In a statement from its Khartoum, Sudan offices Friday, the U.N. World Food Program said up to 3.5 million people _ or more than half Darfur’s population _ would need food aid between August and October. WFP, saying it had previously forecast a maximum of 2.8 million people in need, appealed for an additional US$94 million so that it could feed more of the hungry during that period, a traditional lean time.

“In May, WFP fed a record of 1.8 million people in Darfur _ most of them stranded in camps after being forced from their homes and farms,” Ramiro Lopes da Silva, WFP’s Sudan director, said in a statement. “But large numbers of others can no longer provide for themselves because of insecurity, drought, the poor harvest last year and with local markets closed. They don’t live in camps, but are all caught in the same Darfur trap, and urgently need our help to survive.”

The ICRC’s Kellenberger said the ICRC’s programs in Sudan _ the humanitarian organization’s most extensive in 2004 _ will need to be expanded this year to help provide relief, medical facilities and family communication to more than 300,000 civilians throughout Darfur.

“Darfur has been really a main challenge for the ICRC last year,” he said. “We really had to fight for access … and it was a major challenge in terms of networking.

“For this year, the operation in Sudan will stand out even more compared to other operations than it did last year.”

In the ICRC’s 392-page annual report released Friday, the humanitarian organization said it could now “work throughout most of Darfur.”

Until Kellenberger visited Sudanese officials in Khartoum in March 2004, the group had been restricted to three towns in Darfur and a few “humanitarian corridors.”

The ICRC “frequently urged the (Sudanese) authorities to step up measures in Darfur to protect civilians from attack and to improve the security situation so aid could reach conflict victims,” the report said.

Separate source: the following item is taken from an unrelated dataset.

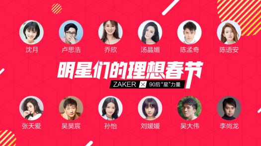 对于明星来说,什么样的春节是理想中的呢?ZAKER携手沈月、张天爱、乔欣、孙怡、陈语安等12位娱乐、文艺界的90后明星和KOL,围绕“理想春节”这一主题,讲述自己对“理想春节”的看法,并给网友送出新春祝福。
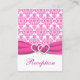 Esta tarjeta de recepción de damasco rosa y blanco tiene un lazo FAUX rosado caliente y un par de rombo y purpurina rosado se unen al broche de corazones. Coincide con las invitaciones de boda que se muestran a continuación. También puede cambiarlo para que sea un mapa o una tarjeta de direcciones cambiando el texto en consecuencia. Si hay otros elementos coincidentes que necesite, envíe su solicitud a niteowlstudio@gmail.com.

The group also “remained deeply concerned about the serious violations of (international humanitarian law) in Darfur,” the report said.

Funding for the ICRC’s activities this year in Sudan will likely be three times the amount for its second largest planned operation, in Israel and the Palestinian territories, Kellenberger said.

Last year, the ICRC spent some 93 million Swiss francs (US$73 million; A?60 million) in Sudan, the bulk of which was used for emergency assistance in Darfur.